The net worth of the average black household in the United States is $6,314, compared with $110,500 for the average white household, according to 2011 census data. The gap has worsened in the last decade, and the United States now has a greater wealth gap by race than South Africa did during apartheid. (Whites in America on average own almost 18 times as much as blacks; in South Africa in 1970, the ratio was about 15 times.)
That is the first of the reasons Nicholas Kristof gives in
this column for the Sunday New York Times at what he sees as "smug white delusion" of the kind offered by the likes of Bill O'Reilly and others, who seem to think anti-white racism is a bigger problem than anti-black racism.
He lists a lot of additional problems -
- the growing income gap
- the shorter life expectancy
- disparities in schooling, both as to quality of offerings and application of discipline
- incarceration, noting here that
Nearly 70 percent of middle-aged black men who never graduated from high schoolhave been imprisoned.
He then puts it bluntly:
All these constitute not a black problem or a white problem, but an American problem. When so much talent is underemployed and overincarcerated, the entire country suffers.
Please keep reading.
There is much more to this very strong column. Kristof reminds us that minds can be changed when we know people (or are related to people) who are affected by attitudes - look at how minds are changing on the matter of marriage equality for example.
He addresses stereotypes, including the greater likelihood of black males being arrested for criminal acts (although here I would note the historic tendency of many middle class white males not getting arrested for acts that for working class white and blacks of all classes does result in arrest).
We still have disparity of treatment.
We still have inequality of access - to jobs, to educational opportunities beginning in childhood, to funds to start business, to health care, and now increasingly to the political system (the new voter id requirements will more disproportionally disenfranchise those of color).

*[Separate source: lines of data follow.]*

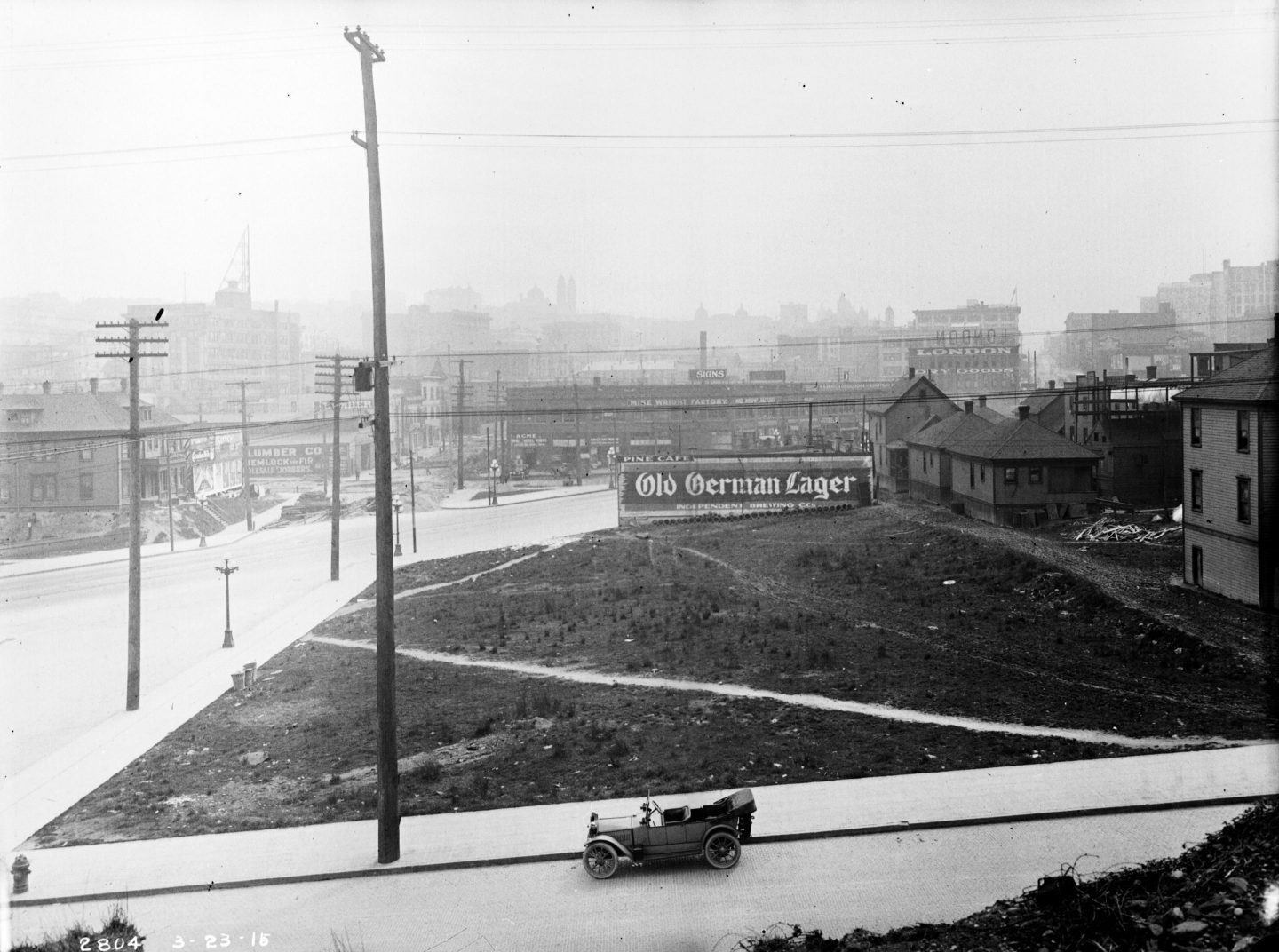 Griffith’s line eventually extended over a planked trestle along Lake Union’s western shore through Fremont to Ballard. It was joined in 1891 by David Denny’s streetcar, which ran on the east side of the lake. In 1905, the city started work on a new link north from downtown. It would be a diagonal road running from Fourth Avenue and Pike Street to the former Rollin Street, which had been renamed Westlake Avenue in 1895. Using fill from a variety of locations, the city connected the old and new Westlakes by 1908.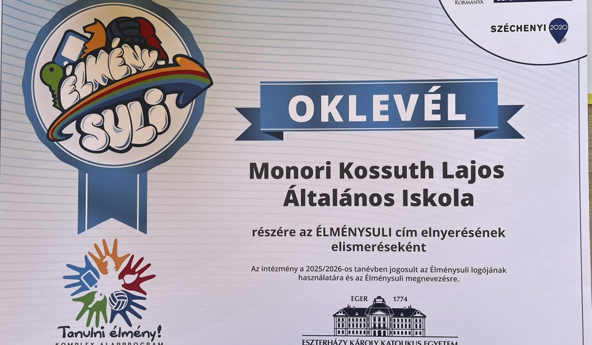 A Monori Kossuth Lajos Általános Iskola a 2025/2026- os tanévre elnyerte az Eszterházy Károly Katolikus Egyetem Komplex Alapprogramjának intézményi megvalósításáért járó ÉLMÉNYSULI címet!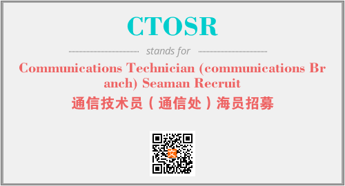 英文缩略词“CTOSR”经常作为“Communications Technician (communications Branch) Seaman Recruit”的英文缩写来使用,中文表示:“通信技术员(通信处)海员招募”。本文将详细介绍英文缩写词CTOSR所代表英文单词,其对应的中文拼音、详细解释以及在英语中的流行度。此外,还有关于缩略词CTOSR的分类、应用领域及相关应用示例等。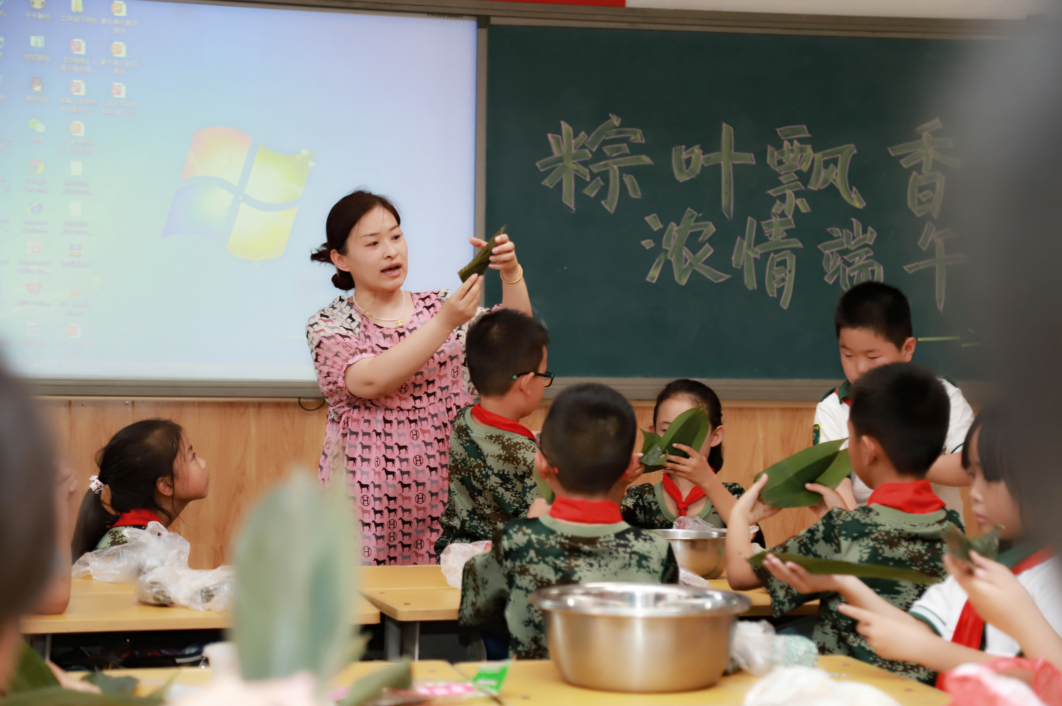 跟老师学习包粽子。

Kristof gives examples of programs that have been shown to make a difference (you can read the column for those). What goes unsaid is that these programs lack the financing to be applied on the necessary scale. What is only implied and not stated bluntly is that there is the unwillingness by many to raise the taxes to support such program because who is benefited thereby, at least directly, even though the long-term overall benefit would be to lower the tax burdens of those who oppose such programs:
- we would save the high costs of incarceration, and of crime
- those who would benefit from such programs would be more employable at higher incomes, thereby spending more and paying more in direct taxes, both of which would serve to benefit society at large, including those who complain the loudest about the non-existent anti-white racism (which miraculously seems to have begun at the same time of the election of our first non-White President).
But here I am picking at minor points. There is after all only so much even a two-time Pulitzer winner can cram into one column.
And his final column is so powerful I am willing to ignore any possible weaknesses in the column.
Read that final paragraph, and perhaps you will understand why I say that. Kristof writes:
So a starting point is for those of us in white America to wipe away any self-satisfaction about racial progress. Yes, the progress is real, but so are the challenges. The gaps demand a wrenching, soul-searching excavation of our national soul, and the first step is to acknowledge that the central race challenge in America today is not the suffering of whites.
No it is not.
And unless and until we heal this oldest and deepest wound to the American polity, the words of Langston Hughes about the dream deferred withering like a raisin in the sun will continue to serve as warning about what could be happening to all of us.
Peace? Not now, not yet, even though I still hope for it.